Na etapa de Santa Catarina, o encontro com as famílias ajudou os participantes a reconhecer a força da fé presente nas comunidades. Gabriel, de Rio do Sul, SC, participou da AMJ pela primeira vez depois de ter recusado um convite anterior.
“Eu vim com muito medo e achei que talvez não fosse uma coisa que combinasse comigo. Quando cheguei, a cada dia a AMJ foi me surpreendendo. Nas visitas, a gente encontra na fé do povo uma esperança na juventude”, contou.
A programação também favoreceu a reflexão sobre escolhas pessoais, vocação e projeto de vida. A proposta não se restringiu ao discernimento da vida religiosa ou sacerdotal, mas ajudou os participantes a pensar como desejam viver a fé e o serviço nos diferentes caminhos vocacionais.
“Nas três AMJ, nos três estados aqui do Sul, nós propomos um encontro pessoal e comunitário de cada adolescente com Deus e consigo mesmo”, afirmou o padre Edvaldo Nogueira da Silva, delegado inspetorial para a Animação Missionária. Segundo ele, a experiência oferece elementos para que os jovens reflitam sobre o chamado de Deus e construam seu projeto de vida.

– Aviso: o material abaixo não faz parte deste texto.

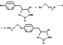 Примеры получения гетероциклических соединений, обладающих антидиабетической активностью, из предложенных промежуточных соединений:Пример А. 5-{4-(1H-Имидазо[4,5-b]пиридин-2-илметокси)бензил}тиазолидин- 2,4-дион К 200 мг 2,3-диаминопиридина добавляют 1,13 г соединения примера 1, и полученную смесь перемешивают при 110oC в течение 2 дней. После этого реакционную смесь обрабатывают 3н. водной хлористоводородной кислотой и затем подщелачивают путем добавления водного раствора аммиака. Водную смесь упаривают досуха при пониженном давлении, и затем остаток очищают путем колоночной хроматографии через силикагель, используя градиентный метод элюирования со смесями этилацетата и этанола в отношении 1:0 до 10:1 по объему в качестве элюента. Продукт выкристаллизовывают растиранием с этилацетатом, получая 400 мг указанного в заголовке соединения, плавящегося при 247-248oC. Пример Б 5-{ 4-(3-Метил-6-трифторметилимидазо[5,4-b] пиридин-2-илметокси) бензил} тиазолидин-2,4-дион К раствору 3,00 г 3-амино-2-метиламино-5-трифторметилпиридина в смеси 6 мл этанола и 6 мл уксусной кислоты добавляют 4,16 г соединения примера 3, и полученную смесь перемешивают при комнатной температуре 4 часа. После этого реакционную смесь освобождают от растворителя путем перегонки при пониженном давлении. К остатку добавляют 50 мл 1,2-диметоксиэтана и 5,2 г иода, и полученную смесь перемешивают при 60oC в течение одного дня. После этого реакционную смесь вливают в воду, затем экстрагируют этилацетатом. Экстракт промывают водным раствором хлорида натрия и высушивают над безводным сульфатом натрия, после чего растворитель удаляют путем отгонки при пониженном давлении. Остаток очищают путем колоночной хроматографии на силикагеле, используя в качестве элюента смесь (1:1 по объему) гексана и этилацетата. Продукт выкристаллизовывают растиранием с этилацетатом, получая в результате 520 мг указанного в заголовке соединения, плавящегося при 212-214oC. Пример В 5-{ 4-[2-(3-Метилимидазо[5,4-b] пиридин-2-ил)этокси]бензил} тиазолидин-2,4-дион Повторяют процедуру, описанную в примере Б, за исключением того, что используют 0,94 г 3-амино-2-метиламинопиридина, 2,10 г соединения примера 5,6 мл этанола, 3 мл уксусной кислоты, 2,32 г иода и 30 мл 1,2-диметоксиэтана. После обработки продукта так, как описано в примере Б, полученный неочищенный продукт очищают колоночной хроматографией на силикагеле, используя в качестве элюента этилацетат, и в результате получают 85 мг указанного в заголовке соединения, плавящегося при 96-100oC. Формула изобретения

Oratórios fortalecem a presença salesiana
Os oratórios festivos ocuparam um lugar central nas três etapas. As atividades aproximaram os missionários das crianças e dos adolescentes das comunidades por meio de brincadeiras, esportes, danças, convivência e momentos de espiritualidade.

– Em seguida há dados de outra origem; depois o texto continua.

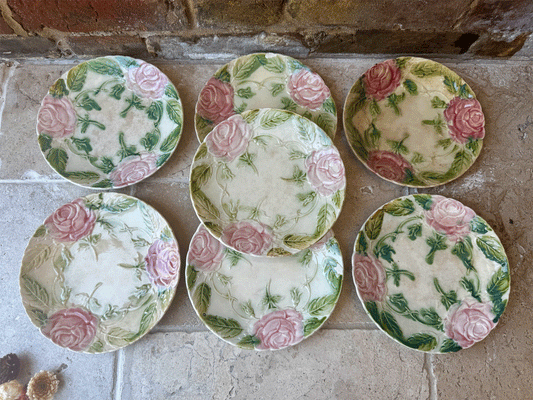 Antique French Plate with Teal Transferware Narcisses Pattern

O oratório expressa uma das principais características da presença educativa salesiana: estar entre os jovens e construir relações no pátio. “Para Dom Bosco, o pátio é lugar de encontro com Deus, lugar de amizade, lugar de construir relações”, explicou Leonardo Donel, pós-noviço salesiano que participou das etapas de Santa Catarina e do Rio Grande do Sul.
Na AMJ, os adolescentes não foram apenas participantes. Eles ajudaram a preparar e conduzir as brincadeiras, acolher as crianças e acompanhar os diferentes espaços dos oratórios.
Durante a etapa do Paraná, Gustavo Antunes dos Santos, de Curitiba, PR, relatou o encontro com uma criança que permanecia afastada das brincadeiras. “O que mais tocou meu coração foi um menininho chamado Gustavo, o mesmo nome que o meu. Ele só queria ficar olhando as outras crianças brincarem. Eu o chamei para brincar, e ele aceitou”, contou.
Depois do convite, a criança participou das atividades, pulou corda, jogou bola e interagiu com as demais. Para o jovem missionário, o episódio mostrou a importância de perceber quem está à margem e oferecer atenção individual dentro do ambiente do oratório.
Experiência continua na vida cotidiana
Ao final de cada etapa, os participantes foram convidados a levar para suas famílias, escolas, paróquias, grupos juvenis e presenças salesianas os aprendizados construídos durante a semana.
O itinerário formativo da AMJ reforça que a missão não termina com o retorno para casa. A experiência deve continuar nas relações cotidianas, na participação comunitária, no cuidado com as pessoas e no compromisso com o próprio projeto de vida.